• Exercise objective: Below are records with pictures in them. Transcribe everything from the line containing "Mach hier die" down to the line containing "- Wireless phone", exactly, and leave the pictures behind.

• Records for the task:
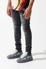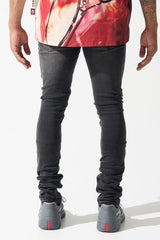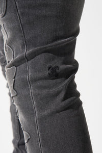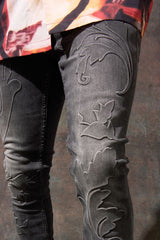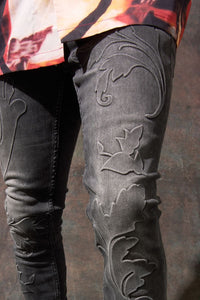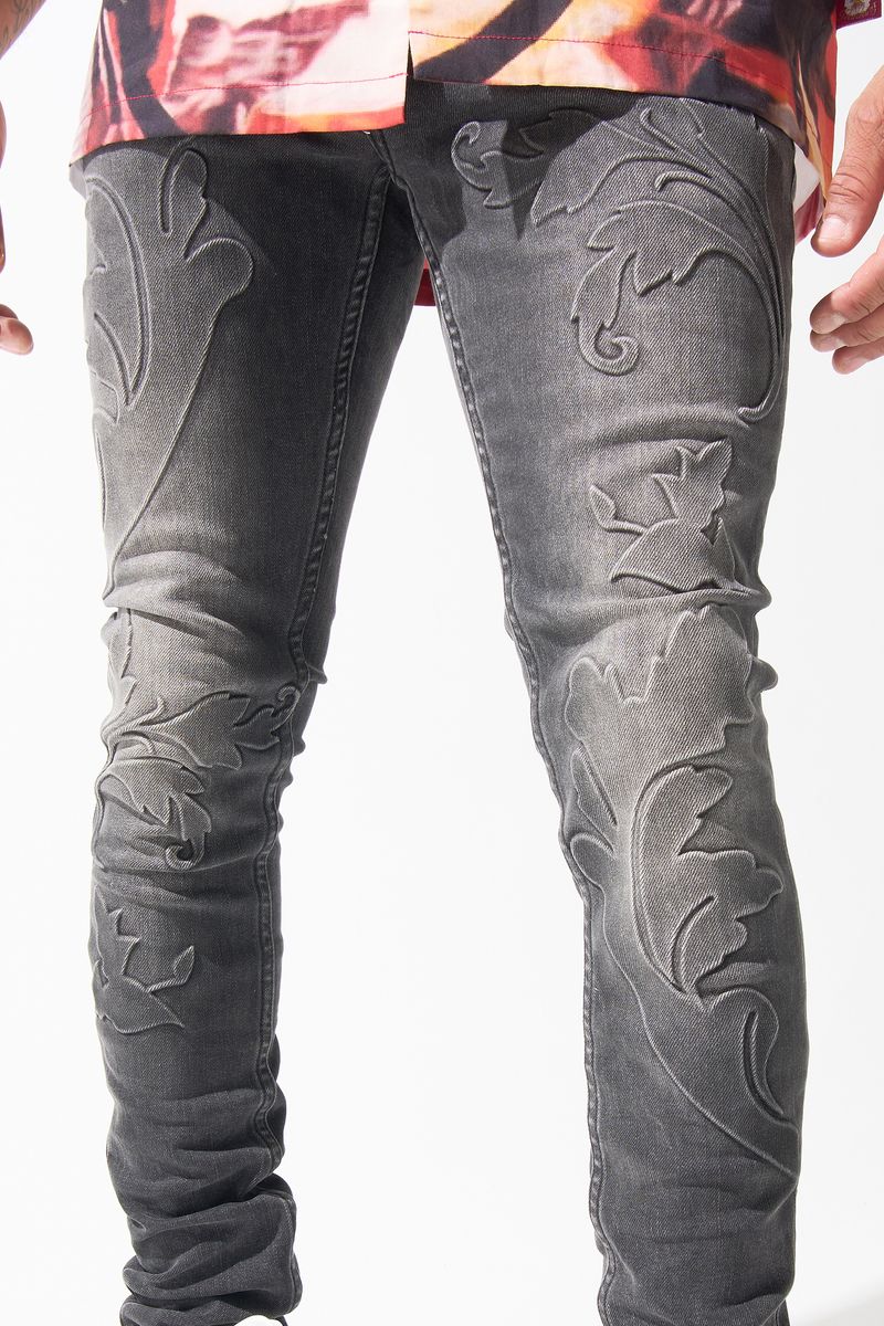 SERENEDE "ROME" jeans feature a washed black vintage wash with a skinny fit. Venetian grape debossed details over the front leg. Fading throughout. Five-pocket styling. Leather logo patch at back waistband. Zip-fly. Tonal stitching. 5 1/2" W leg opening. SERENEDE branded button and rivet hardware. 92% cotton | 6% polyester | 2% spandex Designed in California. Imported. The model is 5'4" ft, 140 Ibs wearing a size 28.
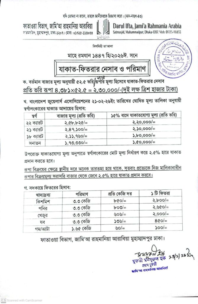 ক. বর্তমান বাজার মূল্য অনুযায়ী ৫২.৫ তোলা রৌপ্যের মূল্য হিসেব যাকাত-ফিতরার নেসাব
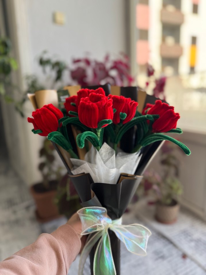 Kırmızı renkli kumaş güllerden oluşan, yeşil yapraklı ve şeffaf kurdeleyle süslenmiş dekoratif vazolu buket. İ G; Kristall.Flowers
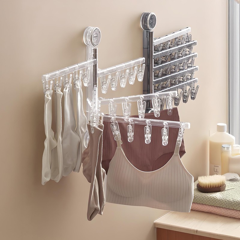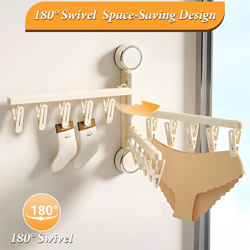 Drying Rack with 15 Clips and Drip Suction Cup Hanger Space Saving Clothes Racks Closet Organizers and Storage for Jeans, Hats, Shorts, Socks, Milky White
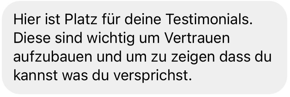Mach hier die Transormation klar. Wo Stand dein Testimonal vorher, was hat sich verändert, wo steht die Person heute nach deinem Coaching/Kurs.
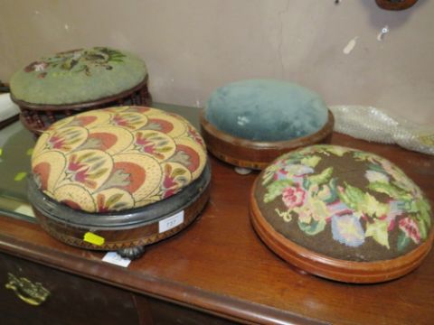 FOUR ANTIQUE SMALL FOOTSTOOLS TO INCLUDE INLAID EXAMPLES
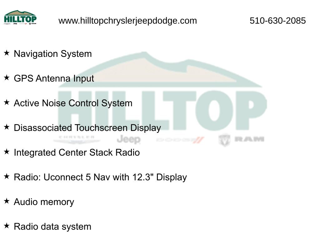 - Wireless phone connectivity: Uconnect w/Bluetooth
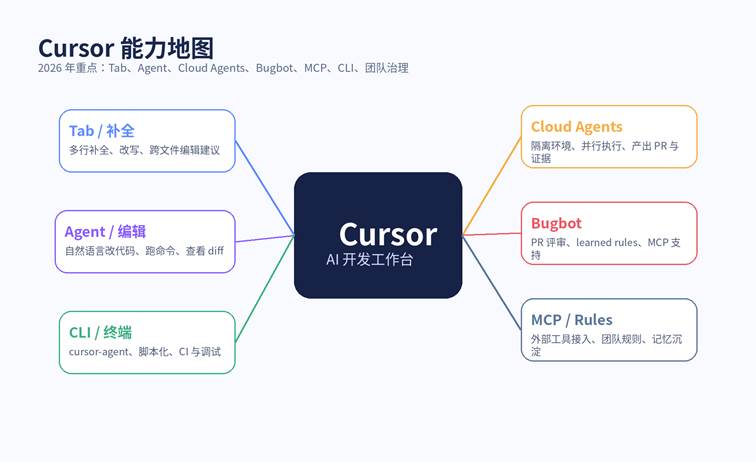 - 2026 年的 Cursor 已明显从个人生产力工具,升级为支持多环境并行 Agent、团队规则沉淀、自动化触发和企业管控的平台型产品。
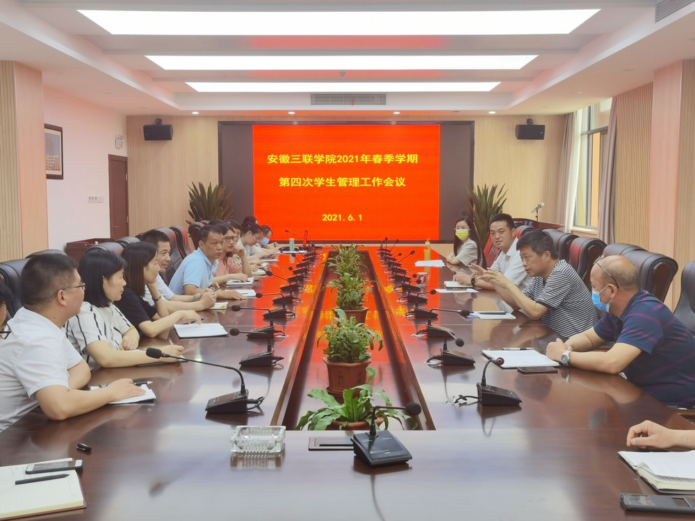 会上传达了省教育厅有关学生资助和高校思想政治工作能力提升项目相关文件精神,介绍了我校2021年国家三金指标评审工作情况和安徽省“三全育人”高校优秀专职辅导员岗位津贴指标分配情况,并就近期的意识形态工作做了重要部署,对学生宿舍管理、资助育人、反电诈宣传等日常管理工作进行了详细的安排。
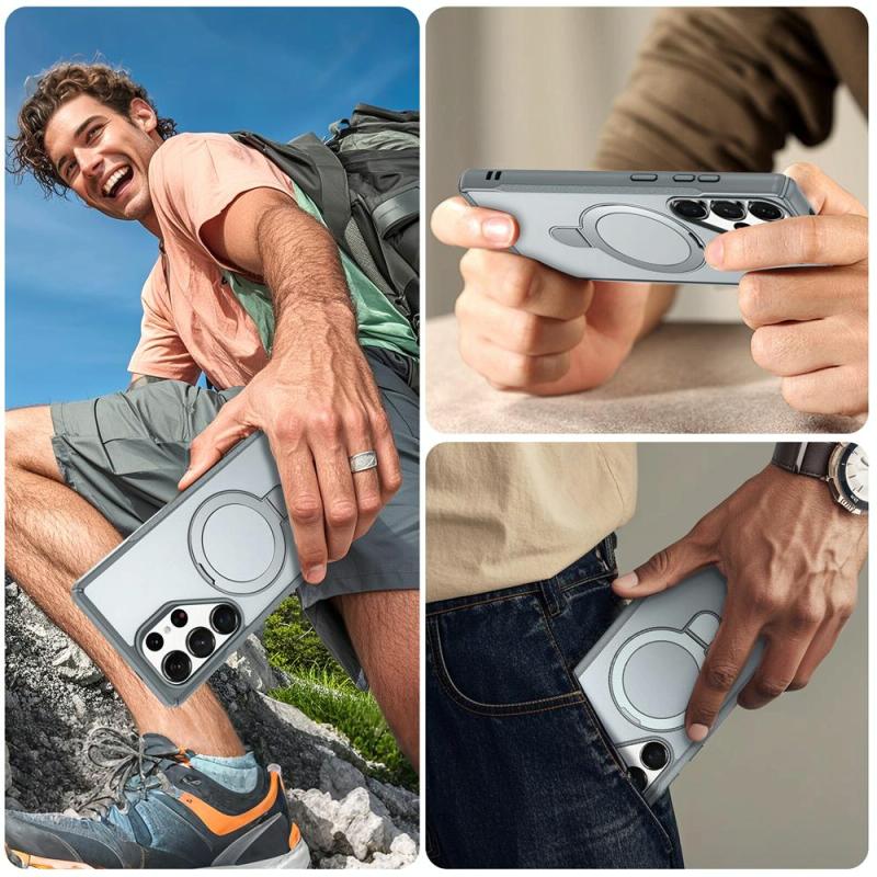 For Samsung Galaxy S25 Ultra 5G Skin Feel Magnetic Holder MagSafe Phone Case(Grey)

• Output of the task:
Mach hier die Transormation klar. Wo Stand dein Testimonal vorher, was hat sich verändert, wo steht die Person heute nach deinem Coaching/Kurs.
 FOUR ANTIQUE SMALL FOOTSTOOLS TO INCLUDE INLAID EXAMPLES
 - Wireless phone connectivity: Uconnect w/Bluetooth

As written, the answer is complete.